Степняк зашарил по карманам. Вынул железную расческу, тощий кошелек, носовой платок, огрызок свинцового карандаша, потрепанный блокнотик. Больше ничего не было.
— Подарите мне рассказ о вашей жизни. Вот и будет отличный подарок, — нанес
Он всегда своего добивался. Добился и теперь.
Простофиля даже обрадовался:
— Хорошо, коли вам угодно. Только жизнь у меня дурацкая, шиворот-навыворот.
— Как это «шиворот-навыворот»?
— У умного человека как? Он сначала долго думает, потом действует. Как русский богатырь Илья Муромец: тридцать лет и три года пролежал на печи, а потом вышел из избы и стал махать-рубить направо-налево. Я же сначала намахался-нарубился, а теперь вот сижу на печи, тут, в Лондоне, думаю: что я в своей жизни сделал правильно, что неправильно. Илья Муромец в отставке.
Улыбка у русского была очень славная, сконфуженная. Энгельс им любовался.

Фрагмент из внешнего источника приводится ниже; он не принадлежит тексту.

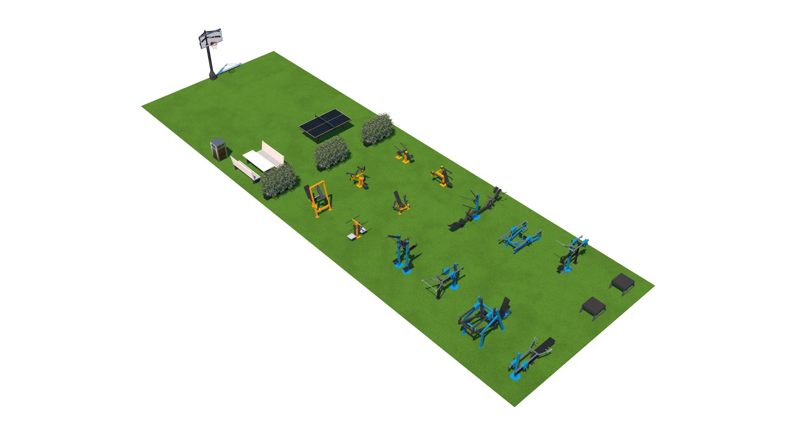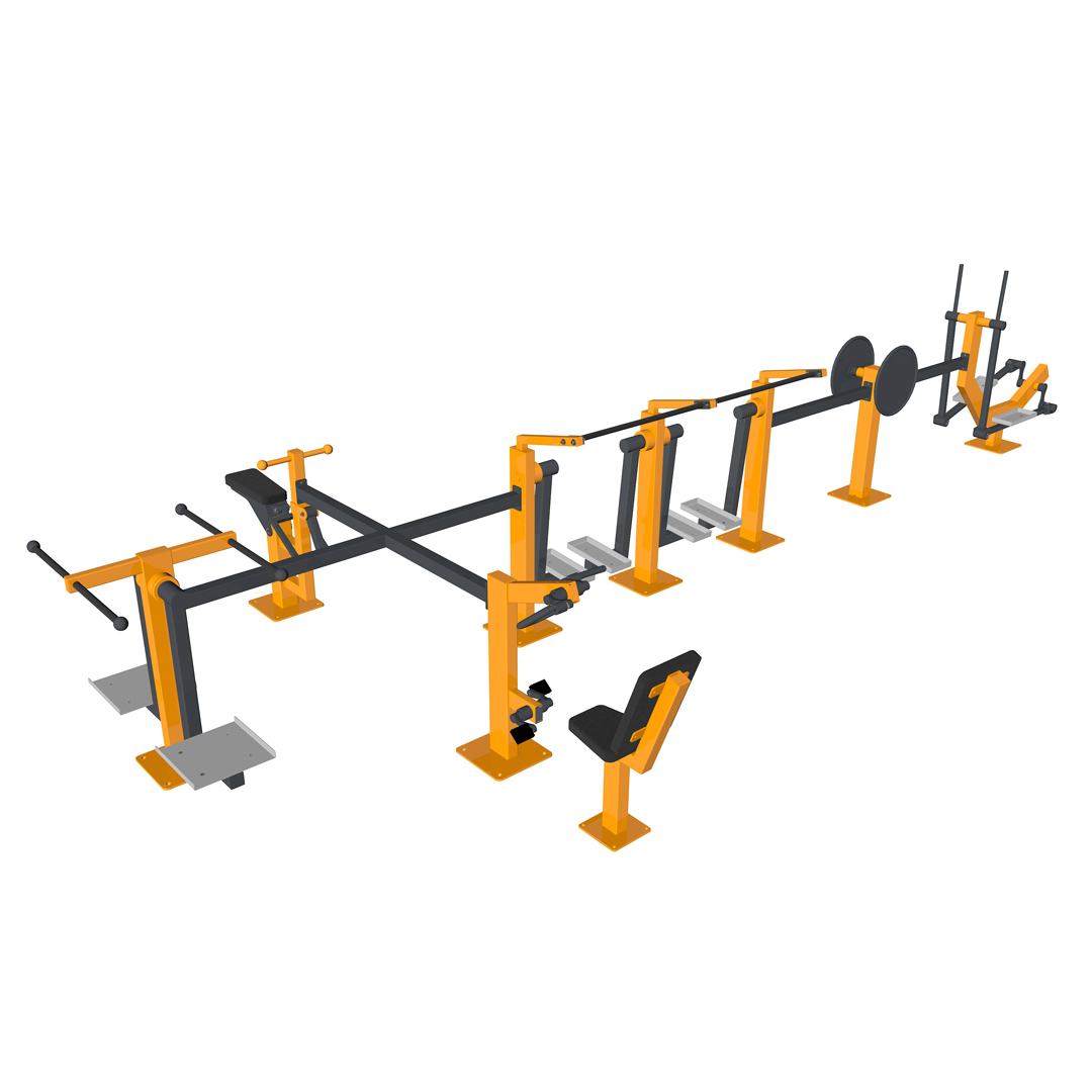 Treeninglinnaku seadmete vahe vastab ohutusala nõuetele (150cm). Selliselt mahub ühele alale rohkem treeningseadmeid.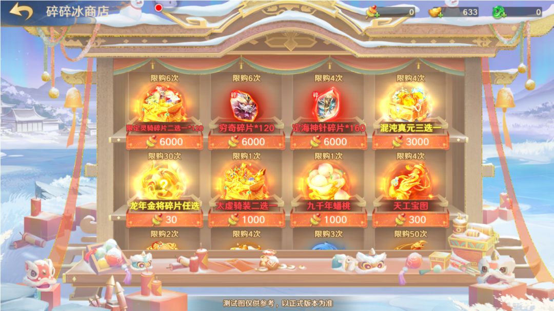 在碎碎冰当中获得的「冰糖葫芦」,可以在该商店内兑换各种珍稀道具,包括限定灵骑碎片二选一*120、穷奇碎片*120、定海神针碎片*160、混沌真元三选一、龙年金将碎片任选、太虚骑装二选一、九千年蟠桃等,可别错过~

— Стало быть, вы ощущаете себя сказочным богатырем?
— Кем я себя ощущаю?
Кажется, Степняк никогда об этом не задумывался. Люди такого склада не имеют привычки долго о себе размышлять, рефлексии не их forte.
— Богатырем — нет… Я сказок и в детстве-то не любил. Там героям вечно какая-то волшебная сила помогает.
— А что вы любили в детстве? — с любопытством спросил хозяин. Как ни странно, было очень легко представить этого довольно устрашающего господина мальчиком: выражение лица в точности такое же, лоб наморщен, глаза смотрят пытливо, только бороду долой.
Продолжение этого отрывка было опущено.